Lindberg is certainly right that our colloquial use of the term hero has broadened: Teachers that inspire underprivileged children and civic leaders in blighted communities are described as heroic by virtue of their commitment to positive change rather than their exposure to risk of death. And he rightly ridicules its extension to celebrities and “truth tellers.” But even in the ancient world, civic virtues were appreciated alongside martial ones: Aristotle describes the civic as lesser because military heroism is necessary to produce the conditions for civic life.
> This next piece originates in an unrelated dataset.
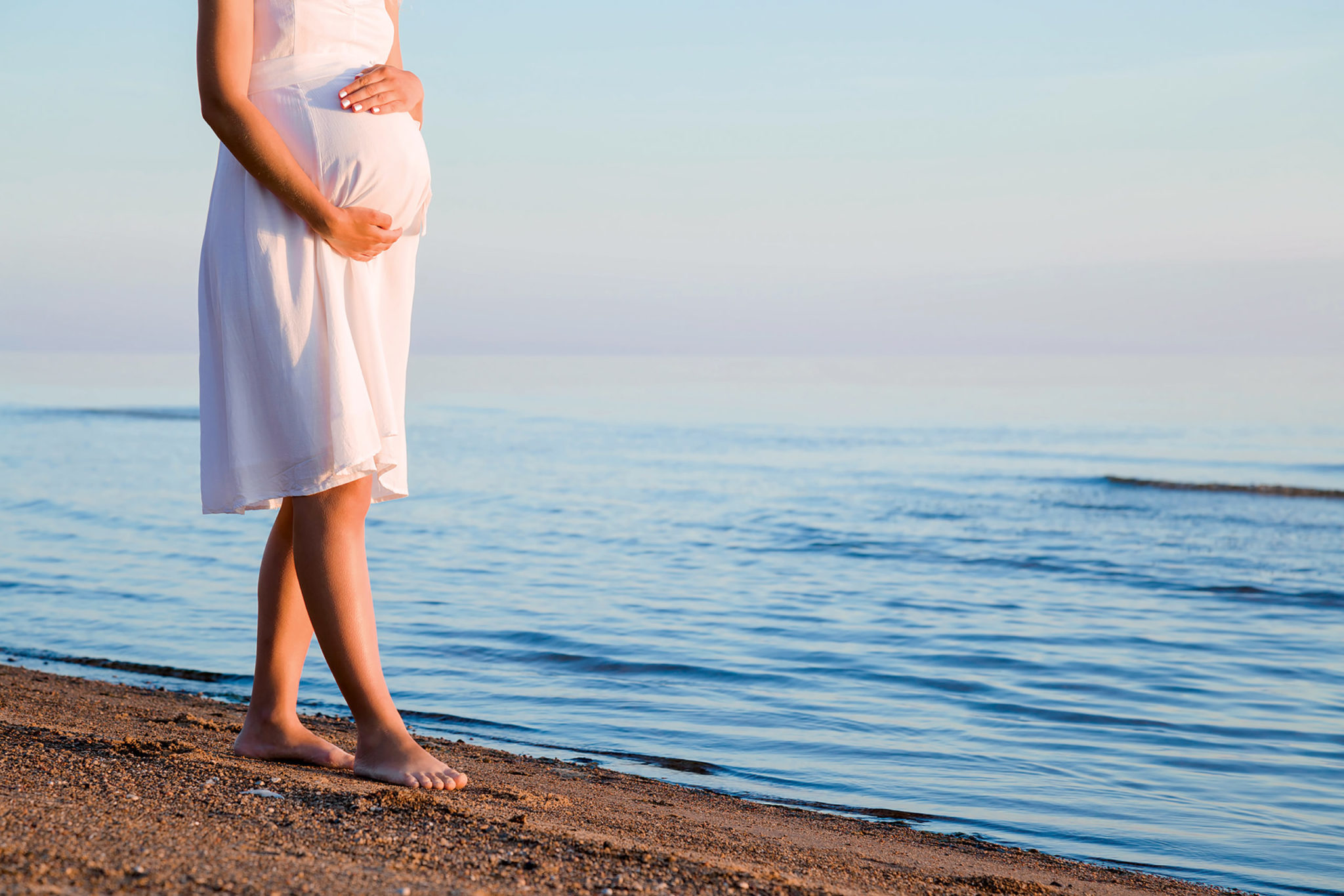 Baby-bump photo op: Standing barefoot at water’s edge during the golden hour just before sunset.

And that is my central disagreement with Lindberg’s argument: He ascribes to political evolution a change equally explicable by increased safety. To put it another way, we apply the term mostly now to people who don’t risk death by their actions because our societies are so safe. It may be a function of increased security rather than form of government. And it may not be immutably directional — when safety is compromised, we may well revert to more martial attitudes on heroism.
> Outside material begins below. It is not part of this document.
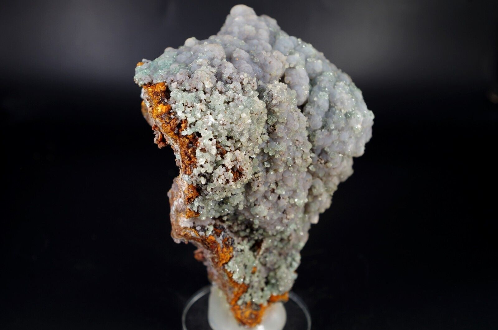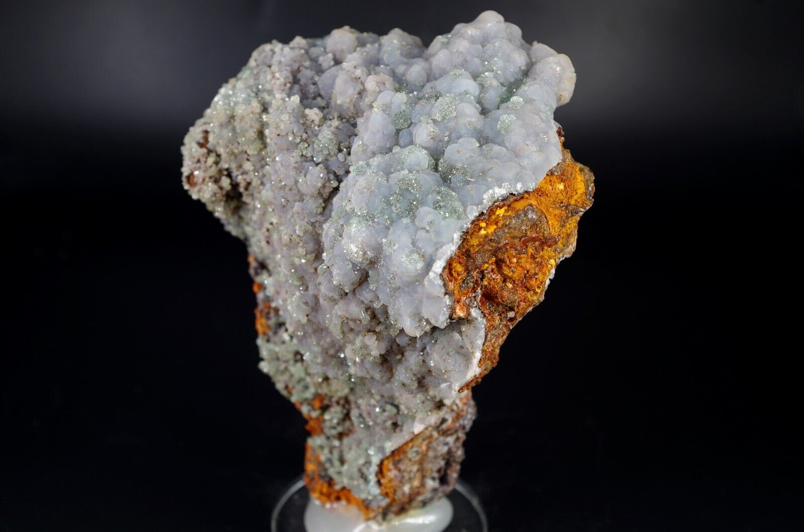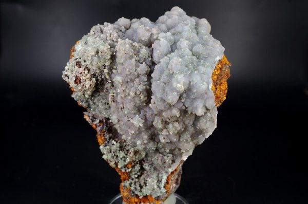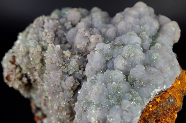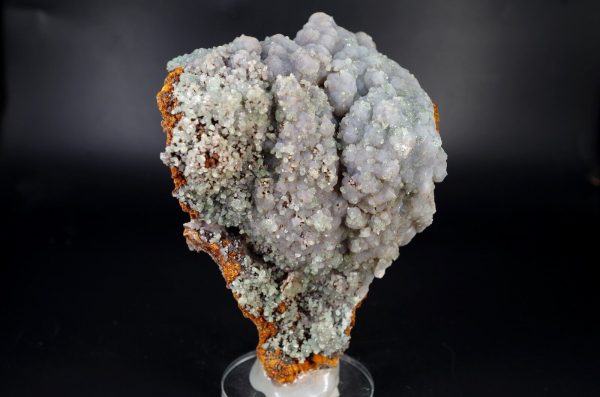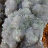 D’aspect botryoidal tel que la calcédoine d’Indonésie avec aux couleurs bleu/lavande pale avec une seconde cristallisation vert d’eau brillante.

Hegel’s dialectic reigns supreme in Lindberg’s thinking. He admirably cannot celebrate the luxurious modernity of heroic schoolteachers without worrying that paradigm contains within it the seeds of its own destruction. He can imagine it occurring either with a bang (the rise of a Hitlerian villain with the power to subjugate societies grown weak) or a whimper (“the gradual abandonment of the classically liberal principles that animate the modern world and provide its dynamism”). It is the fingerprint of this book that its author, an advocate of not only the universality of Western values, but also of international institutions like the International Criminal Court to enforce them, also worries about the risks of their expansion.
Tod Lindberg worries a lot. A lot. His concerns about the changing nature of heroism and what it means for our safety make for a wonderful and important book.
Kori Schake, Ph.D. is a fellow at Stanford University’s Hoover Institution.